As a teenager at her family's holiday retreat at Palm Beach, Byles would look through her telescope across Broken Bay to the bushland beyond on the Central Coast. The area was marked on maps as Bouddi, an aboriginal name meaning nose. It was a coal reserve visited only by fishermen. In 1920 Byles and some of her university friends set out to walk through the bush of Bouddi to Maitland Bay, then known as 'Boat Harbour', where they camped. It became a favourite spot for them. The only bushwalking club at the time was the Mountain Trails Club led by Myles Dunphy, which did not admit women. By 1929, there was an increasing focus on organised recreation for the city and suburban population and Marie joined the two-year-old Sydney Bush Walkers Club. In 1930, a new name for Boat Harbour was proposed by the club; bushwalker Dorothy Lawry suggested "Maitland Bay" after the steamer that was wrecked at the northern end of the beach in 1889.

Over the next five years, with the support of the Federation of Sydney Bushwalkers Clubs, Byles successfully campaigned in the press for the area to be placed under public ownership. The creation of Bouddi Natural Park in 1935 was a landmark achievement for the early conservationists. The Lands Department set aside an even larger area than Byles had proposed. Byles was elected a trustee of the board that managed the park, and for many years organised volunteers to clear and maintain its walking tracks. A lookout over Bouddi has been named after her; it is accessible by car, on The Scenic Road in Killcare Heights just south of the Bouddi National Park Visitor Centre.

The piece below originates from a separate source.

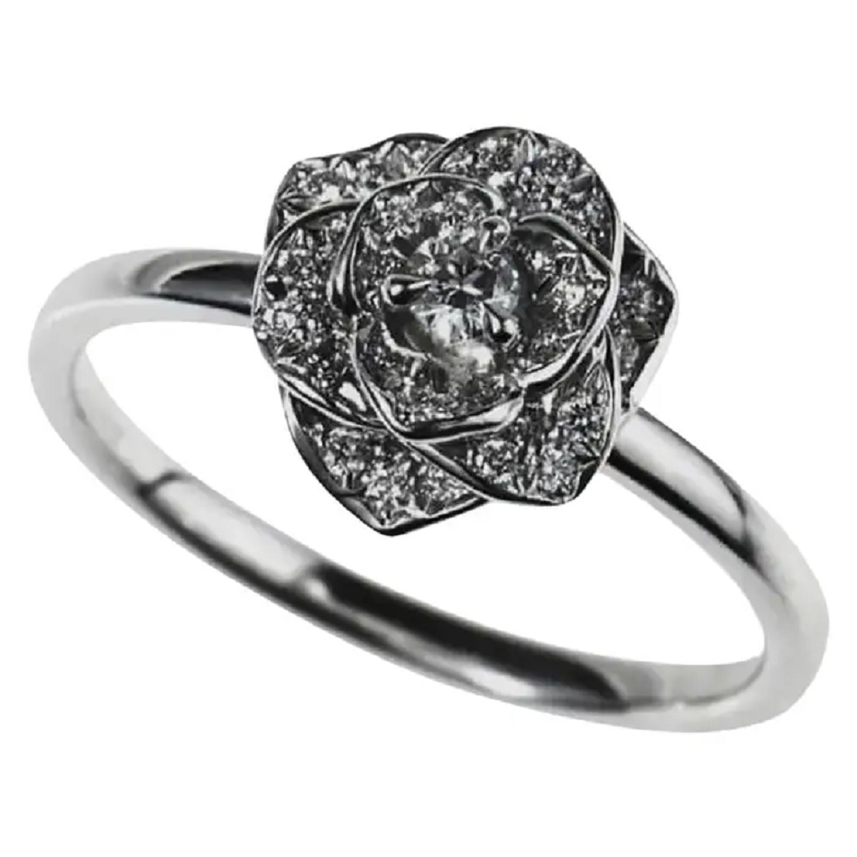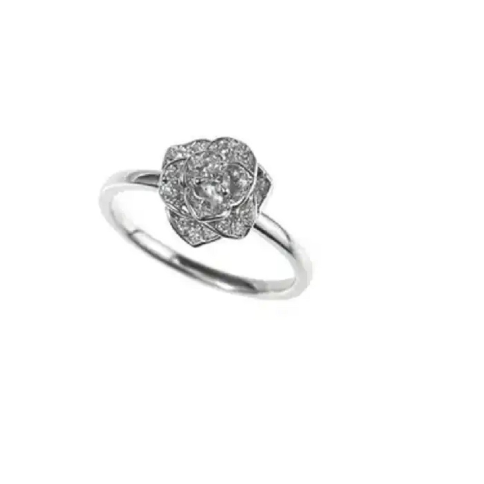 Piaget Rose Ring in Rhodium Material 18K White Gold Diamonds Approximately 0.22ct Stone Cut Brilliant Rose Diameter 10.2 mm X 10.2 mm Rose Height 5mm Ring Size 7 Ring Weight 4.1gr Condition New, never worn
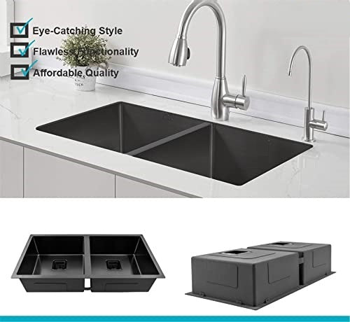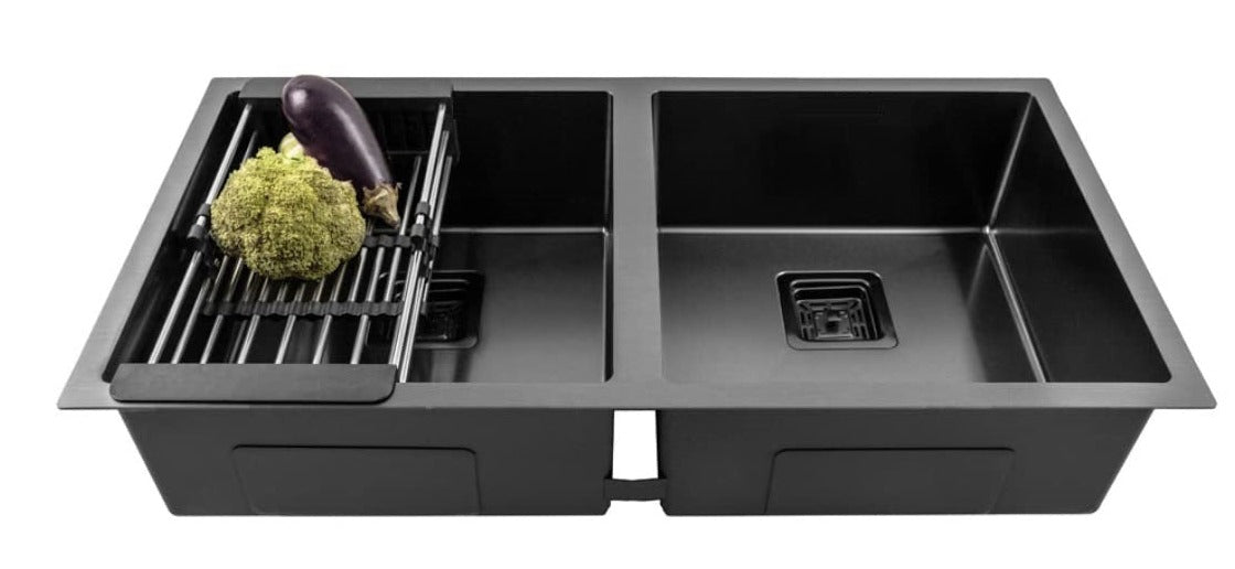 B Backline Kitchen Sink Double Bowl Stainless Steel 1.2 mm 37 x 18 x 9 Inch Nano Black

In 1939, Byles was the co-founder, with her close friend Paddy Pallin, of The Bush Club. This was a bushwalking club with an emphasis on day-walks, which did not impose rigorous entry tests on prospective members and attracted many pre-war European refugees as members.

== Explorer ==
In 1927–28, Byles had saved enough money from working for four years as a law clerk to take a year off to travel. She set off on a Norwegian cargo boat, and it is from this journey that she wrote her popular book By Cargo Boat and Mountain, published in 1931. Later she was periodically able to leave her law practice in the hands of partners, to climb mountains in Britain, Norway and Canada. In 1935 she climbed Mt Cook in New Zealand. After finding that an expedition to Alaska would be too expensive, in 1938 she led a large expedition to Mt Sansato, in Western China near the Tibetan border. At times her party of six in China, which included Dora de Beer, Mick Bowie and Marjorie Edgar-Jones, traveled with a military escort to protect them from bandits. Due to poor weather, the expedition failed to reach the summit, and Byles was bitterly disappointed.

== Meditation ==
Byles became interested in the Quaker denomination of Christianity, but was refused membership. During her travels through Burma, China and Vietnam in 1938, Byles often chose to stay in temples, which brought her into direct contact with non-European cultures and religions. On her return, she renewed her interest in the teachings of Gandhi, and began exploring Buddhism. A collapsed foot arch meant that she was no longer able to walk long distances or climb, and she studied spirituality and meditation to find ways of dealing with her pain.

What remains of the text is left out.